Soave David M, Strug Lisa J
Program in Genetics and Genome Biology, Research Institute, The Hospital for Sick Children, Toronto, ON, Canada.
Division of Biostatistics, Dalla Lana School of Public Health, University of Toronto, Toronto, ON, Canada.
Front Genet. 2018 May 22;9:177. doi: 10.3389/fgene.2018.00177. eCollection 2018.
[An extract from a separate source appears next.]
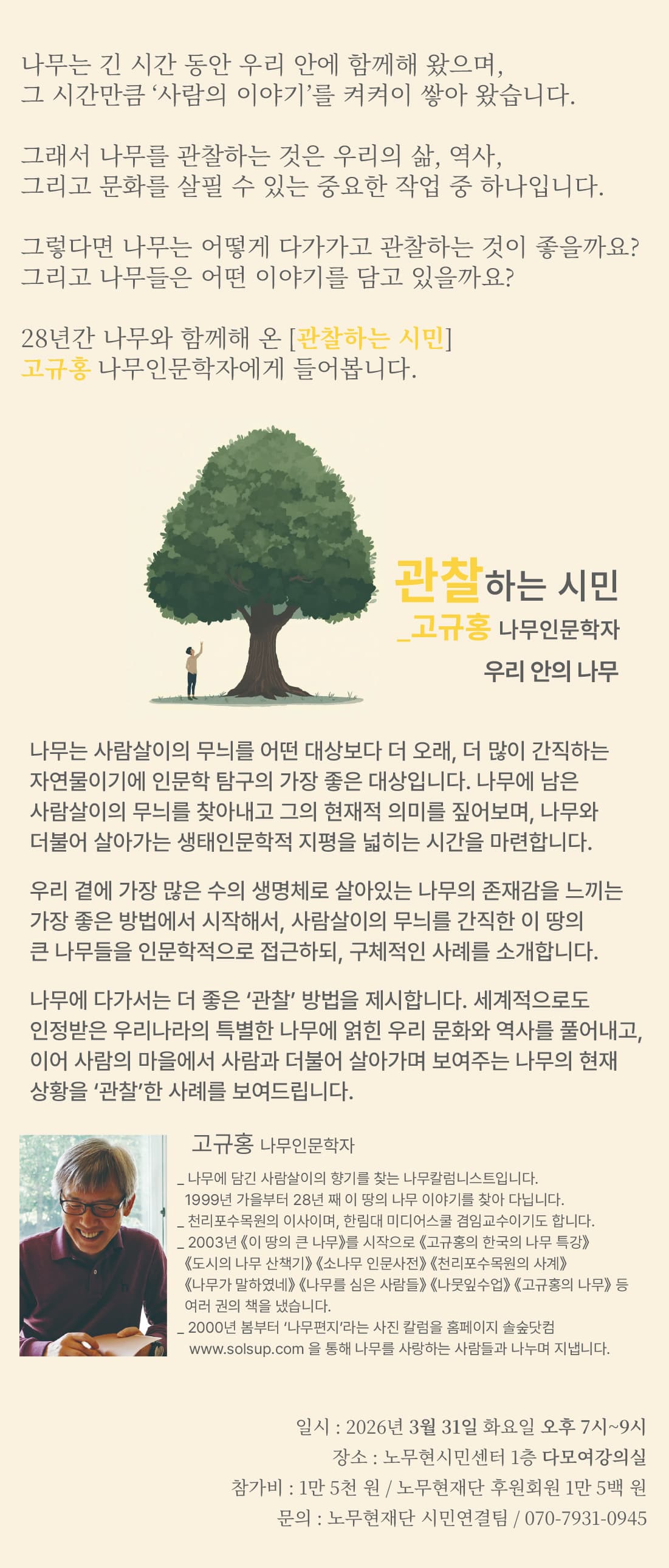 [센터|시민|오프라인] [노무현시민학교 특강] 관찰하는 시민_고규홍 나무인문학자 (2026.3.31. ~ 2026.3.31.)

Risk prediction models can translate genetic association findings for clinical decision-making. Most models are evaluated on their ability to discriminate, and the calibration of risk-prediction models is largely overlooked in applications. Models that demonstrate good discrimination in training datasets, if not properly calibrated to produce unbiased estimates of risk, can perform poorly in new patient populations. Poorly calibrated models arise due to missing covariates, such as genetic interactions that may be unknown or not measured. We demonstrate that models omitting interactions can lead to increased bias in predicted risk for patients at the tails of the risk distribution; i.e., those patients who are most likely to be affected by clinical decision making. We propose a new calibration test for Cox risk-prediction models that aggregates martingale residuals for subjects from extreme high and low risk groups with a test statistic maximum chosen by varying which risk groups are included in the extremes. To estimate the empirical significance of our test statistic, we simulate from a Gaussian distribution using the covariance matrix for the grouped sums of martingale residuals. Simulation shows the new test maintains control of type 1 error with improved power over a conventional goodness-of-fit test when risk prediction deviates at the tails of the risk distribution. We apply our method in the development of a prediction model for risk of cystic fibrosis-related diabetes. Our study highlights the importance of assessing calibration and discrimination in predictive modeling, and provides a complementary tool in the assessment of risk model calibration.
风险预测模型能够将基因关联研究结果转化为临床决策依据。大多数模型是根据其区分能力进行评估的,而在实际应用中,风险预测模型的校准在很大程度上被忽视了。在训练数据集中表现出良好区分能力的模型,如果没有经过适当校准以产生无偏风险估计,在新的患者群体中可能表现不佳。校准不佳的模型是由于协变量缺失导致的,比如可能未知或未测量的基因相互作用。我们证明,忽略相互作用的模型会导致风险分布尾部患者预测风险的偏差增加;也就是说,那些最有可能受到临床决策影响的患者。我们为Cox风险预测模型提出了一种新的校准检验方法,该方法通过聚合极端高风险组和低风险组受试者的鞅残差来进行检验,检验统计量的最大值通过改变极端组中包含哪些风险组来选择。为了估计我们检验统计量的经验显著性,我们使用鞅残差分组和的协方差矩阵从高斯分布进行模拟。模拟结果表明,当风险预测在风险分布尾部出现偏差时,新检验方法能够控制第一类错误,且比传统的拟合优度检验具有更高的检验效能。我们将我们的方法应用于囊性纤维化相关糖尿病风险预测模型的开发中。我们的研究强调了在预测建模中评估校准和区分能力的重要性,并为风险模型校准评估提供了一种补充工具。